All of the major indexes are showing a similar pattern; however the breakout thus far is marginal at best. Here is the 2 year chart of the S&P 500 clearly showing the importance of the decisive break of the 800 level as long term support. What we are seeing in the cup is a move in the direction of the trend (down, visually up on the rotated chart). Since late November of 2008, there was a consolidation of the move, and as of the moment, the breakout, which would define the action since November as a continuation pattern, is still in question.

If the market is going to be led out of this mess and maintain 800 as support, it will probably be on the shoulders of the Nasdaq 100. Among the strongest and most liquid stocks in this group is Amazon.com. Here is the 2 year chart appropriately oriented (up is up). Amazon has a relative strength of 95 and now sits between converging 50 and 200 day moving averages.

While technically strong, it would probably take a strong market to propel the strongest stocks such as Amazon upward and it would be too risky to buy a stock like this in a bad market .
How important is 800 as support? Very important. When the market was slammed down to about 800 on Monday, following the close, CNBC trotted out none other than Alan Greenspan, the Maestro, to declare among other things that stocks are "cheap." No surprise here in that the Maestro has been the number one go-to guy for manipulating public opinion on financial markets. But what is most disconcerting about the market action following his comments is the oversold market seems to have not been able to rally. In fact today, just the 2nd day after his comments, the market is selling off into new low ground. This would seem to be significant. When the Maestro cannot support a long term support level, then who can?

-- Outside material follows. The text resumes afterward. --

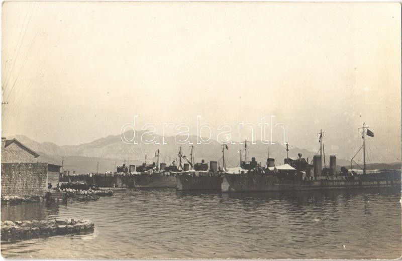 Kotor, Cattaro; SM Tb 81 T (később román Sborul, majd szovjet Musson), 85 F (később portugál Zezere), 79 T (később Jugoszláv T4), 87 F (később Jugoszláv T5) és 83 F (később román Smeul, majd szovjet Toros) osztrák-magyar haditengerészet torpedónaszádjai a kikötőben / K.u.K. Kriegsmarine Torpedoboote 81 T, 85 F, 79 T, 87 F und 83 F / WWI Austro-Hungarian Navy torpedo boats at the port. photo
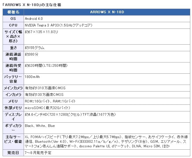 NTTドコモは5月16日、クアッドコアプロセッサを搭載した富士通製の「Xi」対応Androidスマートフォン「ARROWS X F-10D」を発表した。

The market is now closing with the S&P at 780, which is about 2.5% lower than the "breakout" point of the handle in the S&P 500 chart above. If 3% is taken as a "decisive" break of support at 800, then the S&P sits less than 0.5% above what can be considered, a failure of support.
Do you believe in miracles?
Today's Market
The Dow broke into multi-year lows today. How can this be just two days after the Maestro declared stocks "cheap"? The problem is one of credibility. Mr. Greenspan, once the most respected individual on Wall Street has lost his. In addition, Wall Street, the nebulous reason for the US' prosperity since the Reagan years, has gone from perceived hero to actual demon.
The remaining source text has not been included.